Python Function App - Processing Multiple requests

5 minute read | By Umang Francis


As we know, Python is a single-threaded, synchronous language by default. Hence unless specified, multiple calls to your Python Function App would be executed one after the other. Based on the default behavior of the language, this is an expected behavior. Although, we have different approaches in place to make sure that you are able to run multiple requests to your Function App together. In this article, we look into the possible ways of doing so along with a few examples..


As mentioned before, Python has been a synchronous language for a long time, until quite recently when async programming became the new buzz and eventually Python adopted it too. Thus you can say that there are two ways of programming your application - either the synchronous or asynchronous way, with different libraries and calling styles but sharing the same syntax and variable definitions.

Using your Python Function App in the async way can help in executing multiple requests in parallel - which get executed together in the event loop, instead of being handled by individual threads.

The following example will demonstrate how:

    import logging
    import asyncio
    import azure.functions as func
    async def main(req: func.HttpRequest) -> func.HttpResponse:'Python HTTP trigger function processed a request')
        await asyncio.sleep(8)
        # time.sleep(8)
        return func.HttpResponse("Hello World")

In the above example, you can notice that apart from the logging statements and the variable definitions, there is a sleep statement - called in the async way. This would make all requests to this function wait for 8 seconds before executing the rest of the script. Although if you uncomment and execute the normal synchronous time.sleep() function, it will essentially make your application synchronous and hence you would not see the requests getting executed in parallel.

Thus the key take away here is to make sure that all pieces of code within your async function are executed in the async way as well. This approach of parellel execution using async can help with faster processing of I/O bound applications.

You can execute a test to check parallel execution of requests using a tool like Apache JMeter - which would be able to send multiple requests together and display the time taken and response obtained for those requests. Refer the following image:

Reviewing responses in Apache JMeter


When we create a Python Function App, we get one Python language worker by default to serve the incoming requests - which as you can imagine, might not be suited for parallel execution of your requests. Thus, you can use the Application Setting: FUNCTIONS_WORKER_PROCESS_COUNT and increase the number of Python workers serving your requests to a maximum of 10. Thus, when you increase the worker process count value, you would be able to see 10 Python processes running on the SSH session- something similar to:

Multiple Python workers spawning up in SSH - top command

These 10 Python workers would in turn be running individual Function Hosts and thus, at a time 10 max requests can be processed by your function. Although, it might happen that a Function Host is restarting on a worker and the incoming 10 requests might be distributed among the working hosts in a round robin way. Hence it is not always that you would see 10 parallel responses to 10 parallel requests. It highly depends on whether the host was serving a request on the worker in the background.
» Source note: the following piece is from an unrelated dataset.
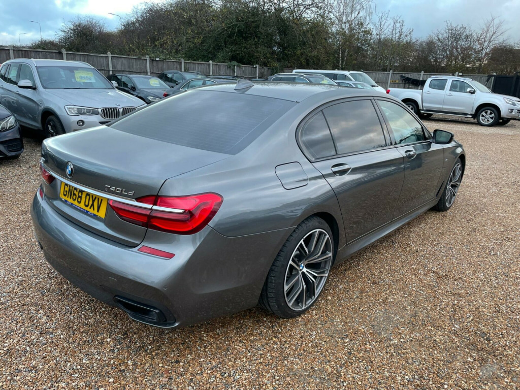 This 2018 BMW 7 Series 740Ld M Sport offers a refined driving experience with its powerful 3.0L diesel engine and four wheel drive system. As a Euro 6 compliant vehicle, it meets stringent emission standards. Inside, you'll find the luxurious BMW Individual Interior Trim Finisher in Piano Black, complemented by heated seats for both front and rear occupants. Enjoy the convenience of an electric glass sunroof, automatic headlights activated by a rain sensor, and enhanced Bluetooth telephone preparation with wireless charging for your devices. The generous boot space ensures practicality for all your needs.The performance of this 740Ld M Sport is truly impressive, achieving 0-62mph in just 5.3 seconds. This swift acceleration, combined with the advanced features and the sophisticated M Sport trim, sets this BMW apart from other vehicles in its class. It represents a compelling blend of dynamic capability, advanced technology, and premium comfort, making it an exceptional choice for discerning drivers.. 19in Alloy Wheels - Light Double-Spoke Style Bi-Colour - 647M, 20GB HDD Memory, Air Conditioning - Automatic with Four Zone Control, Airbags, Alarm System - Thatcham 1 with Remote Control and Engine Immobiliser, All Round Anti-Corrosion System with Partial Hot Galvanising - Phosphate Treatment and Cathodic Dip Paintwork - Preservation of Hollow Cavities - Underfloor Protection, Ambient Lighting, Anti Roll Bars - Front and Rear, Armrest - Front and Rear Centre, Automatically Dimming Rear View Mirror, BMW ConnectedDrive Online Services, BMW ConnectedDrive Services, BMW Display Key, BMW Emergency Call, BMW Gesture Control, BMW Professional Radio with Single CD Player - MP3 and DVD Playback Compatibility, BMW TeleServices, Battery in Luggage Compartment with Jump Start Facility in Engine Bay, Bootlid Operation - Powered, Brake Force Display, Child Seat ISOFIX Attachment for the Two Outer Rear Seats, Comfort Access with Smart Opener, Comfort Exit Stepless Door Brakes, Comfort Seats - Front, Comfort Seats - Rear, Concierge Service, Control Display - 10.25in Colour Display, Crash Sensor - Activating Central Locking Release - Hazard Warning Lights - Battery Safety Cut Off - Interior Lighting, Cruise Control with Brake Function, Cup Holders - Front x2 and Rear x2, DAB Digital Radio, DSC - Dynamic Stability Control - Stabilises the Vehicle in Extreme Situations - Controls Traction, Daytime Running Lights - LED, Deformation Zones - Front and Rear, Digital Cockpit, Door Sill Inlays - BMW M Designation Illuminated, Drive Performance Control, Driving Assistant, Dynamic Brake Lights with LED Technology, Dynamic Safety, EPS - Electric Power Steering with Servotronic, Electric Glass Sunroof, Electric Windows - Front and Rear with Open-Close Fingertip Control - Anti-Trap Facility and Comfort Closing Function, Electro-Mechanical Parking Brake with Auto-Hold Function, Engine Cover with TwinPower Turbo Designation, Enhanced Bluetooth Telephone Preparation with Wireless Charging, Exhaust Tailpipes - Single Quadrilateral Left and Right, Exterior Door Handle Illumination, Exterior Mirrors - Folding with Anti Dazzle, Exterior Trim - High Gloss Shadowline, Favourite Buttons, First Aid Kit and Warning Triangle, Floor Mats - Velour, Follow Me Home Headlight Function, Footwell Lights - Front and Rear, Glove Compartment - Lockable, Head Restraints - Front Anti-Whiplash, Headlining - Anthracite, Heated Windscreen Washer Jets, High-Beam Assistant, Instrument Panel - Leather, Interior Trim - Fineline Black Wood - High-Gloss with Metal Effect, LED Fog Lights - Front, LED Headlights, Locking Wheel Bolts, Loudspeaker System - BMW Advanced, Lumbar Support - Driver and Front Passenger, M Aerodynamic Bodystyling, M Designation on Front Side Panels - Left and Right, M Leather Steering Wheel, M Specific Key - Spare Remote Key Only, M Sport Package, Massage Function - Front, Multi-Functional Instrument Panel, Multifunction Controls for Steering Wheel, Navigation System - BMW Professional Multimedia, OBC - On-Board Computer, OBD - On Board Diagnosis, Oil Sensor For Level and Grade, PDC - Park Distance Control - Front and Rear, Power Sockets 12v - 2x Front - 2x Rear, Rain Sensor with Automatic Headlight Activation, Reading Lights - Front and Rear, Real Time Traffic Information, Rear Fog Light - LED, Remote Services, Reversing Assist Camera, Run Flat Tyres, Seat Belts - Front Inertia Reel with Pyrotechnical Belt Latch Tensioner - Belt Force Limiter and Belt Retainer, Seat Belts - Rear - Three with Inertia Reel, Seat Heating - Front and Rear, Seats - Front and Rear Electric Adjustment, Self-levelling Air Suspension - Rear, Side Impact Protection, Smokers Package, Soft Close - Tailgate, Soft Close Doors, Speed Limit Function, Sport Automatic Transmission, Steering Column - Electric Reach and Rake Adjustment with Memory, Sunblinds - Rear Windscreen - Electric, Suspension - 2-Axle Air, TPMS - Tyre Pressure Monitoring System, Two Tone Horn, VDC - Variable Damper Control, WiFi.

Similar to the above WorkBench example, you can test the parallel execution for 10 requests using a single Python worker and by using 10 workers - to compare the performance.

Again, the concurrent execution of these requests can be bounded by the resource utilization each request needs and it would be necessary for the developer/user to keep the same in check before increasing the worker count.


Each of the above mentioned language workers would be running a single thread by default. We can increase this thread value to a maximum of 32 using the application setting: PYTHON_THREADPOOL_THREAD_COUNT. Thus, with multiple language workers and multiple threads running within them, one can achieve a great level of concurrency.

A simple test - try executing 50 parallel requests using one worker and 32 threads. Then 2 workers and 32 threads. You will notice that in the first case, around 32 requests will get processed together and the remaining would process after that. While in the second test, all requests would get processed together.

Although, a very important point to note here is that there can be some part of your code that can hinder parallel execution of multiple threads. For example, reading data from a single file - only one thread might be able to read from a single file at a time. Hence as a developer, you might need to check the bottlenecks in your application code.


The above points should help you in getting started with concurrent request execution for a Python Function App specifically. Ofcourse, as a developer you would need to play around with all these settings to understand what is best suited for your app.